Love on the Dole by Walter Greenwood (1933)

By Erica

Walter Greenwood, Love on the Dole (1933)

Book review by Chris Hopkins.

Having now posted blogs about most of Walter Greenwood’s fiction, I realize that these pretty much all refer back to his first novel, Love on the Dole (1933), so for the sake of completeness and to help the blog reader, I ought to add a blog for that first novel. Love on the Dole established Greenwood’s reputation, was influential at the time and later, and rapidly changed his life (from being an unemployed worker in Salford to being a best-selling novelist and author).

Love on the Dole is the story of the Hardcastle family and their neighbours in a poor part of Salford: Hanky Park. Mr Hardcastle is a miner and Mrs Hardcastle a housewife; their son Harry works first at a pawnshop and is then an apprentice engineer, while their daughter Sally works at a textile mill. Neighbours include the qualified engineer, Larry Meath, and a group of older women who both help and exploit for their own gain the other inhabitants of Hanky Park. The characters represent a working-class economy which is always fragile, and which is then further damaged by the consequences of the Depression after 1929.

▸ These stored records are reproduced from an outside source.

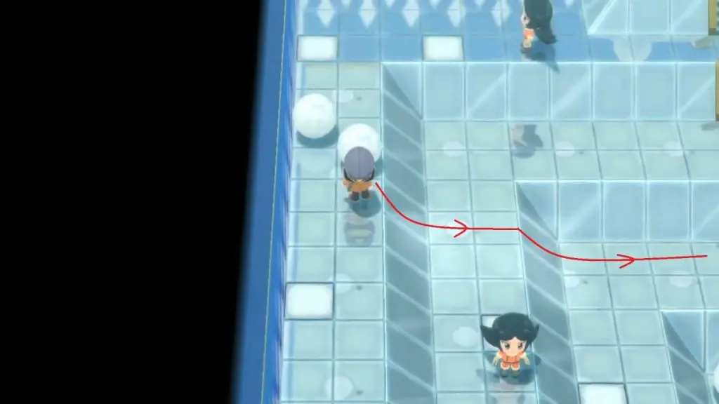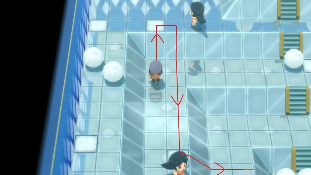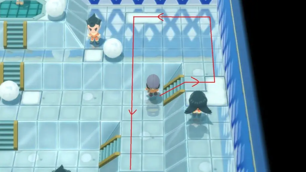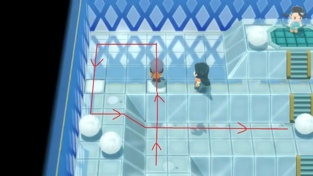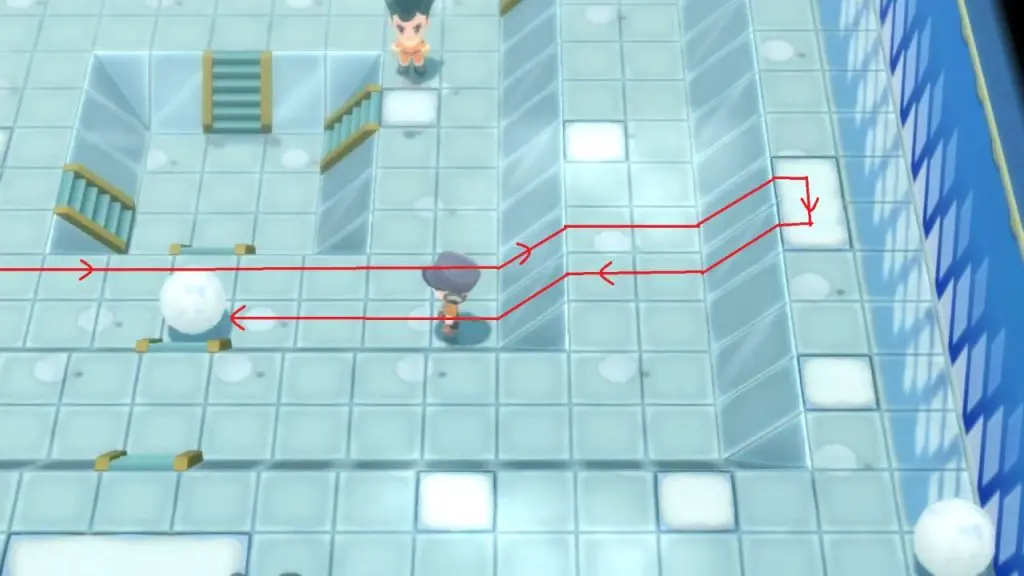 - Here you will destroy one of the snowballs blocking the stairs to the gym’s leader.
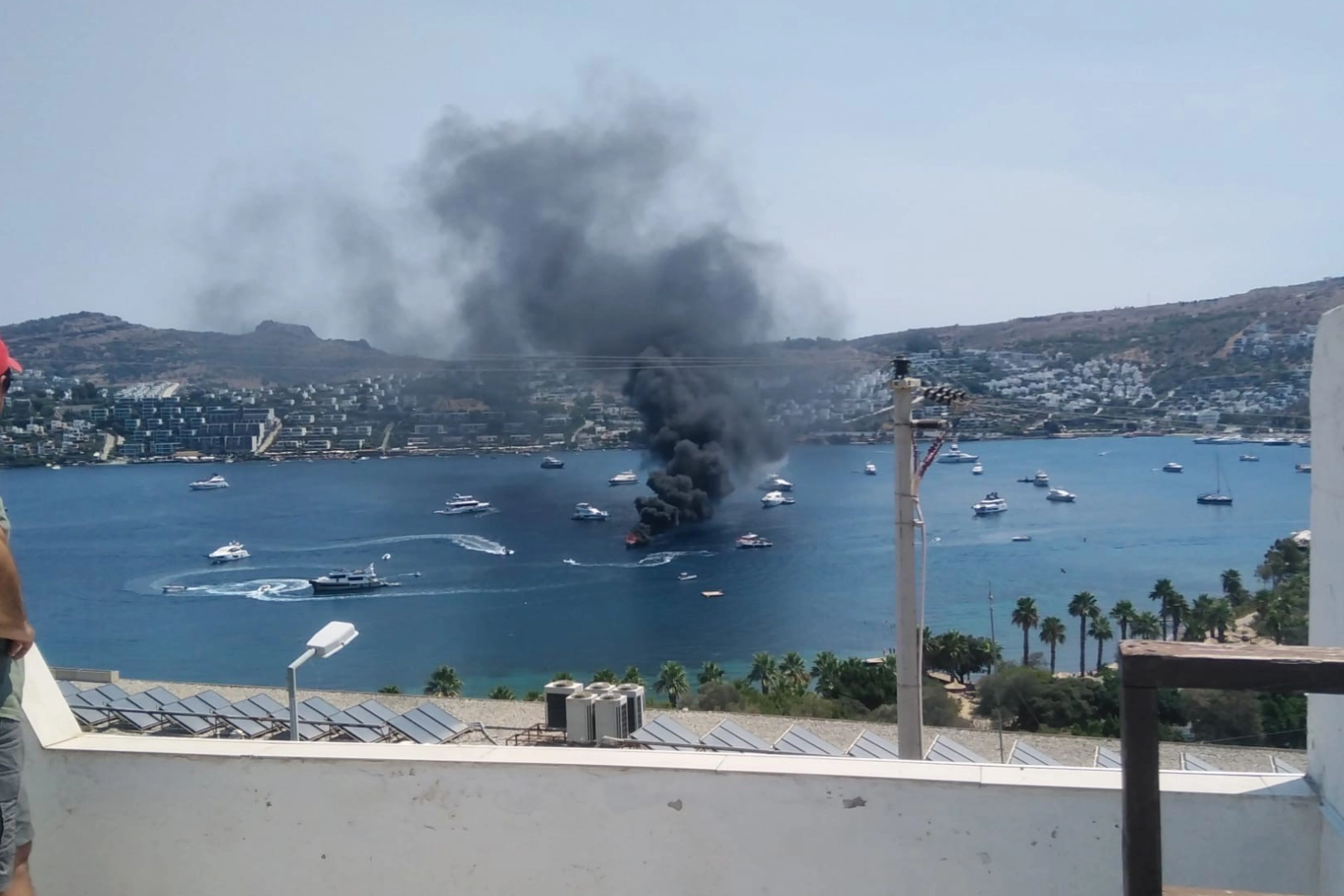 Tekne kısa sürede alev topuna dönerken, içeride bulunan 1 kişi çevredeki botlar yardımıyla kurtarıldı.
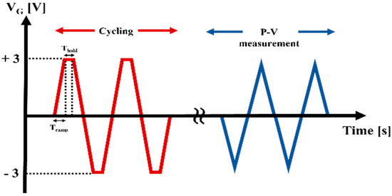 The endurance (especially, affected by an electric field cycling) in TiN/HZO/TiN capacitors was investigated. Figure 6 shows the pulsing scheme for evaluating the endurance of the capacitors. The electric field cycling was completed with using a trapezoidal pulse, and the number of cycling was applied up to 108. After the cycling pulses were applied, a triangular pulse was applied to measure the P-V characteristic of the capacitor. Note that both pulses have the same peak amplitude of 3 V. The P-V characteristic of each capacitor was compared to each other (see Figure 7).

The novel looks at first as if it will focus mainly on Harry Hardcastle; having left school at 14, he has worked at a pawnbroker’s, a job which he hates partly because he must work on Saturdays and so can’t see his friends, and partly because he feels it is not a ‘man’s job’. The clientele are indeed all women, though the household economy of which pawning is part in fact fully involves men too, who are unable in bad times to hand over enough of their wages to allow the women to make their housekeeping money last the week (though Harry does not see this full story at this point). He really wants to work at the local engineering works – ‘Marlowe’s’ (based on the MetroVick works at Trafford Park) and thus take up his destiny as a proper adult male worker. So he manages to get taken on as an apprentice engineer, and at first feels that everything will now run smoothly. After seven years he will become a qualified and well-paid engineer and need never worry again about the rest of his life: ‘these new experiences … brought with them a calm serenity which gradually assumed an air of permanency (p.69, Penguin edition, 1962, 1992 – all references are to this edition).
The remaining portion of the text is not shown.